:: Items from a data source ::

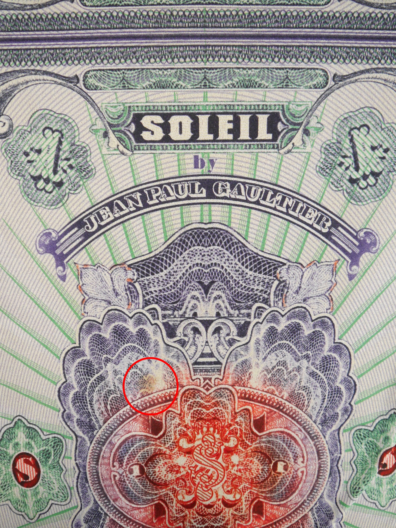 This rare and instantly recognizable vintage Jean Paul Gaultier maxi skirt from the 1990s is made from the typical fine mesh fabric and features the iconic money or bank note print with lots of intriguing details. Designed in a pareo style, the skirt wraps around the body and ties to close. It is constructed of two layers, with a slightly shorter bottom layer in solid dark red. 100% polyester. Made in Italy.
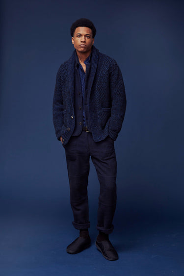 Its all been building to this. The ideal version of our Andes Cardigan. Rare jet black undyed alpaca combined with deep indigo dyed Peruvian Pima Cotton. The result of combining the darkest indigo with black alpaca is the deepest blue color we've made to date and a beautiful texture that we're very proud of.
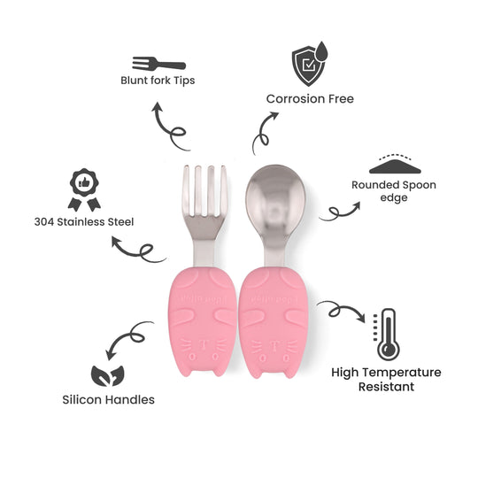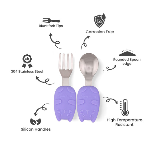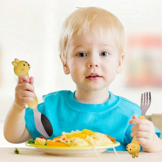 Designed with young diners in mind, Cravista's kids cutlery sets are crafted from high-quality stainless steel, ensuring safety and durability. Each set includes two spoons and two forks in different sizes, specially designed to support growing toddlers through various stages of self-feeding.
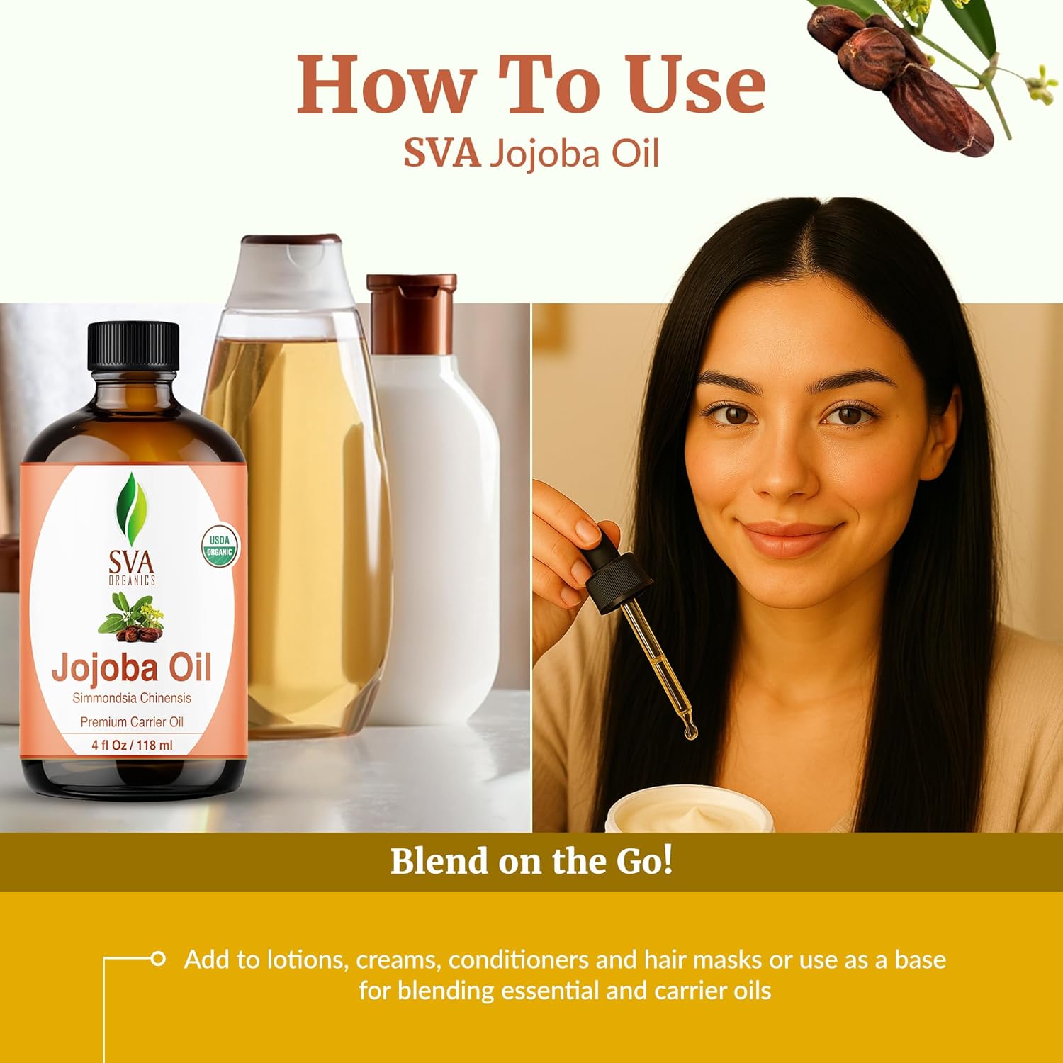 - Premium Quality Organic Jojoba Carrier Oil: SVA Organics Jojoba Oil 4oz is obtained by cold-pressed extraction of Simmondsia Chinensis seeds. Our pure Jojoba oil Organic is free of preservatives and comes with a dropper for easy application. It is not tested on Animals. We care for you
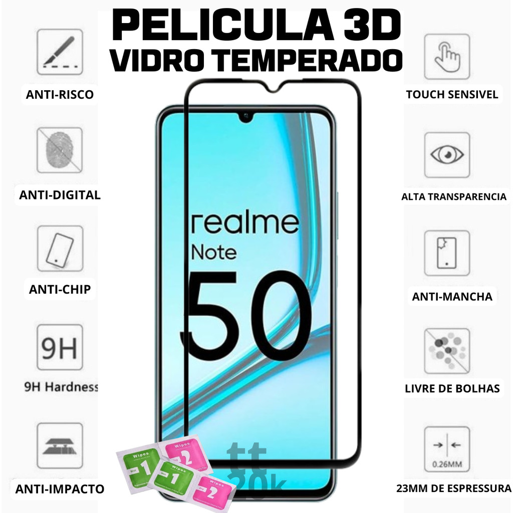 Kit 3 Película Frontal REALME NOTE 50 Vidro Temperado Full Glass Premium + Kit Aplicação
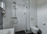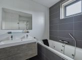 Niet alleen de slaapkamers, maar ook de badkamer is heel ruim. Onder het raam is het whirlpoolbad en verder zijn er een ruime inloopdouche, een wandcloset en een tweepersoons wastafelmeubel. Fraaie elementen zijn de kranen, het tegelwerk en de grote spiegel.

:: What is expected ::
In the data above, start at the line holding "Its all been" and stop after the line holding "Kit 3 Película"; write out those lines exactly, without pictures.

:: Solution for this task ::
 Its all been building to this. The ideal version of our Andes Cardigan. Rare jet black undyed alpaca combined with deep indigo dyed Peruvian Pima Cotton. The result of combining the darkest indigo with black alpaca is the deepest blue color we've made to date and a beautiful texture that we're very proud of.
 Designed with young diners in mind, Cravista's kids cutlery sets are crafted from high-quality stainless steel, ensuring safety and durability. Each set includes two spoons and two forks in different sizes, specially designed to support growing toddlers through various stages of self-feeding.
 - Premium Quality Organic Jojoba Carrier Oil: SVA Organics Jojoba Oil 4oz is obtained by cold-pressed extraction of Simmondsia Chinensis seeds. Our pure Jojoba oil Organic is free of preservatives and comes with a dropper for easy application. It is not tested on Animals. We care for you
 Kit 3 Película Frontal REALME NOTE 50 Vidro Temperado Full Glass Premium + Kit Aplicação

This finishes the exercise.